#### Supplied records ####

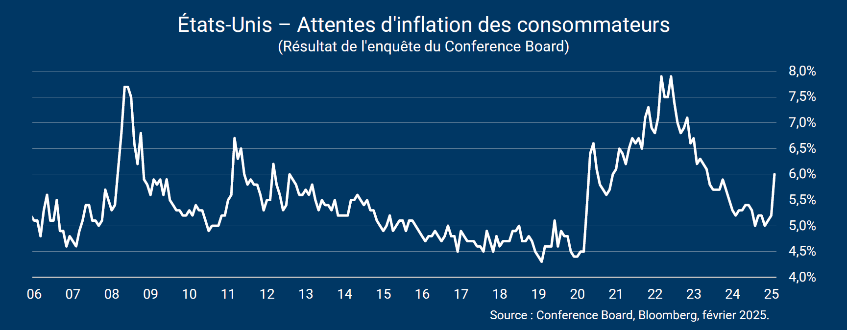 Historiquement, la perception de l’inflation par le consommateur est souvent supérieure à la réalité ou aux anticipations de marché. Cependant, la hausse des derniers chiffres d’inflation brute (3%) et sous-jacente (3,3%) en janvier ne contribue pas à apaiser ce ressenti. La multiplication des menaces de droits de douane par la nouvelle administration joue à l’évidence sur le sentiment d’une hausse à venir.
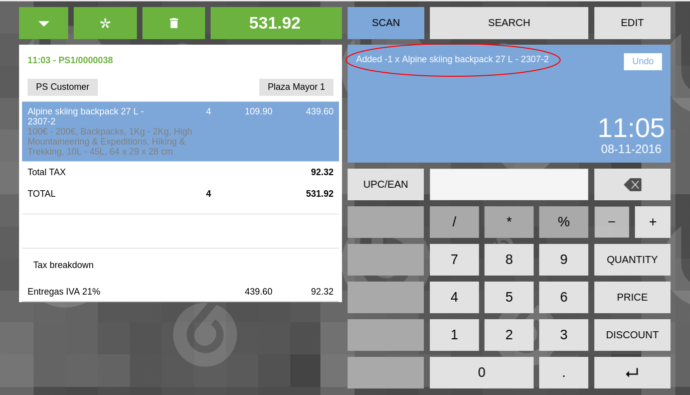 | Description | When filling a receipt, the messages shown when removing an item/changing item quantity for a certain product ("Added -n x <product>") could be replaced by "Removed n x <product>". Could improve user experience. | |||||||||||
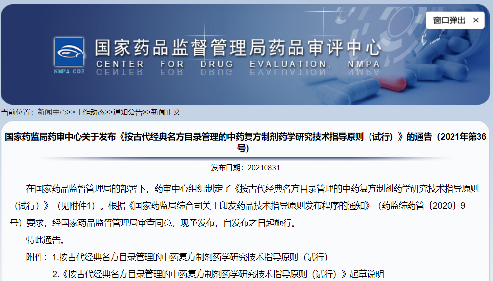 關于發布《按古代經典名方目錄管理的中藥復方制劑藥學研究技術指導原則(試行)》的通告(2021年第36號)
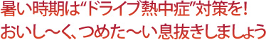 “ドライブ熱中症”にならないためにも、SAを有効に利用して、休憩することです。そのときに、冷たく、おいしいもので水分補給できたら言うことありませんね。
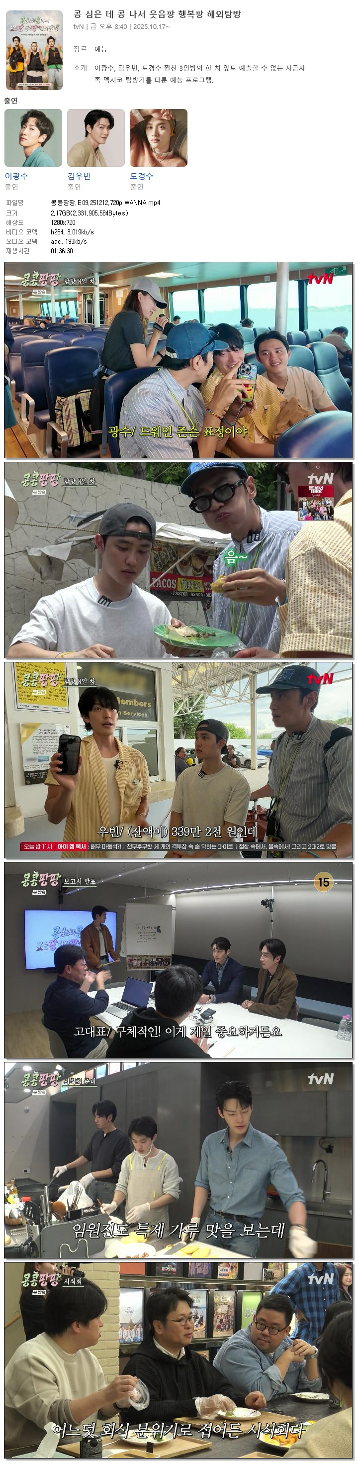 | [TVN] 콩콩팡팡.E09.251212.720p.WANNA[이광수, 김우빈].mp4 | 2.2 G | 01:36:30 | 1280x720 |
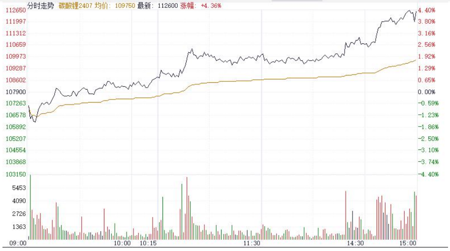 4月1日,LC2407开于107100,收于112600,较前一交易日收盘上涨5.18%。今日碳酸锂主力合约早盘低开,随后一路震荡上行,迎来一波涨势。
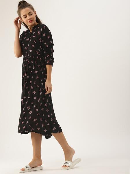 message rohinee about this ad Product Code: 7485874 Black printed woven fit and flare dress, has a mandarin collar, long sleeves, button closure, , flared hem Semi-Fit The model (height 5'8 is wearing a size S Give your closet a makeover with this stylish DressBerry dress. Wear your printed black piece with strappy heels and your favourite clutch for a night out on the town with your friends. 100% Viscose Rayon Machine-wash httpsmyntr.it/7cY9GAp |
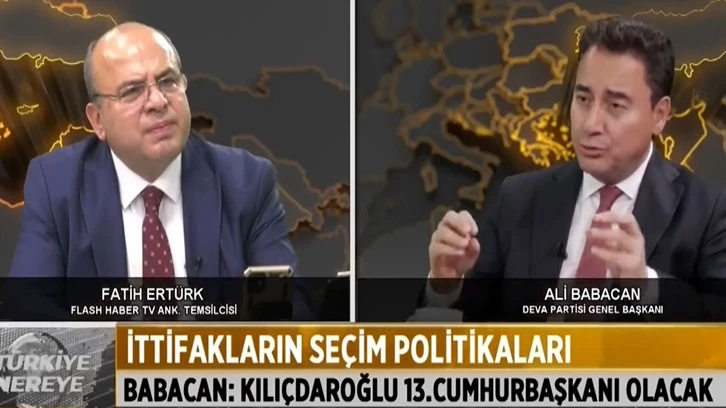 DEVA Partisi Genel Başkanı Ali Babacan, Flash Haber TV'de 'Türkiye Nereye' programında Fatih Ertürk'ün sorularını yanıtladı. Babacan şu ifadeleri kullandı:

####

## Problem description
Transcribe the complete set of entries verbatim. No pictures belong in the copy.

## Response to this exercise
 Historiquement, la perception de l’inflation par le consommateur est souvent supérieure à la réalité ou aux anticipations de marché. Cependant, la hausse des derniers chiffres d’inflation brute (3%) et sous-jacente (3,3%) en janvier ne contribue pas à apaiser ce ressenti. La multiplication des menaces de droits de douane par la nouvelle administration joue à l’évidence sur le sentiment d’une hausse à venir.
 | Description | When filling a receipt, the messages shown when removing an item/changing item quantity for a certain product ("Added -n x <product>") could be replaced by "Removed n x <product>". Could improve user experience. | |||||||||||
 關于發布《按古代經典名方目錄管理的中藥復方制劑藥學研究技術指導原則(試行)》的通告(2021年第36號)
 “ドライブ熱中症”にならないためにも、SAを有効に利用して、休憩することです。そのときに、冷たく、おいしいもので水分補給できたら言うことありませんね。
 | [TVN] 콩콩팡팡.E09.251212.720p.WANNA[이광수, 김우빈].mp4 | 2.2 G | 01:36:30 | 1280x720 |
 4月1日,LC2407开于107100,收于112600,较前一交易日收盘上涨5.18%。今日碳酸锂主力合约早盘低开,随后一路震荡上行,迎来一波涨势。
 message rohinee about this ad Product Code: 7485874 Black printed woven fit and flare dress, has a mandarin collar, long sleeves, button closure, , flared hem Semi-Fit The model (height 5'8 is wearing a size S Give your closet a makeover with this stylish DressBerry dress. Wear your printed black piece with strappy heels and your favourite clutch for a night out on the town with your friends. 100% Viscose Rayon Machine-wash httpsmyntr.it/7cY9GAp |
 DEVA Partisi Genel Başkanı Ali Babacan, Flash Haber TV'de 'Türkiye Nereye' programında Fatih Ertürk'ün sorularını yanıtladı. Babacan şu ifadeleri kullandı:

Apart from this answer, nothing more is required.